--- DATA EXCERPT ---

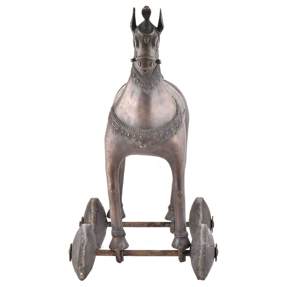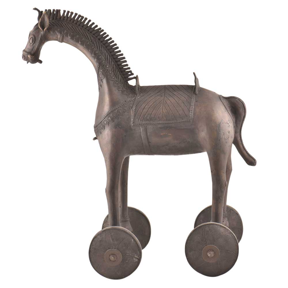 Brass Horse statue on rolling wheels made of pure brass by expert artisans who are masters of their trade. This statue is handmade and is an excellent home décor product. The wheels make it convenient to move it from one place to another. The children love to pay with it and it proves to be an excellent gifting option for friends and relatives.
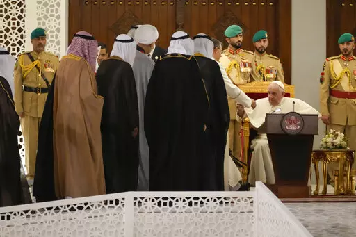 Al Khalifa, for his part, praised Francis' efforts to promote interfaith fraternity and said Bahrain was committed to a similar goal of a world “where tolerance prevails while striving for peace and rejects whatever divides its unity.”
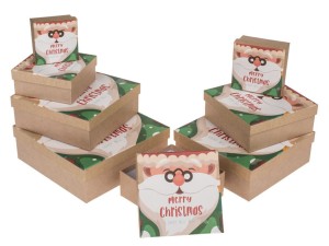 Każdy zestaw zawiera osiem pudełek. Twarde pudełeczka idealnie nadające się na pakowanie prezentów. Każde kolejne pudełko jest włożone w poprzednie. Idealne na pakowanie prezentów zarówno świątecznych jak i urodzinowych. Wymiar pierwszego 22 x 22 x 8 cm, kolejne powoli się zmniejszają.

---

TASK OBJECTIVE
Repeat, exactly and in full, all the material above except its pictures.

RESPONSE TO THE EXERCISE
 Brass Horse statue on rolling wheels made of pure brass by expert artisans who are masters of their trade. This statue is handmade and is an excellent home décor product. The wheels make it convenient to move it from one place to another. The children love to pay with it and it proves to be an excellent gifting option for friends and relatives.
 Al Khalifa, for his part, praised Francis' efforts to promote interfaith fraternity and said Bahrain was committed to a similar goal of a world “where tolerance prevails while striving for peace and rejects whatever divides its unity.”
 Każdy zestaw zawiera osiem pudełek. Twarde pudełeczka idealnie nadające się na pakowanie prezentów. Każde kolejne pudełko jest włożone w poprzednie. Idealne na pakowanie prezentów zarówno świątecznych jak i urodzinowych. Wymiar pierwszego 22 x 22 x 8 cm, kolejne powoli się zmniejszają.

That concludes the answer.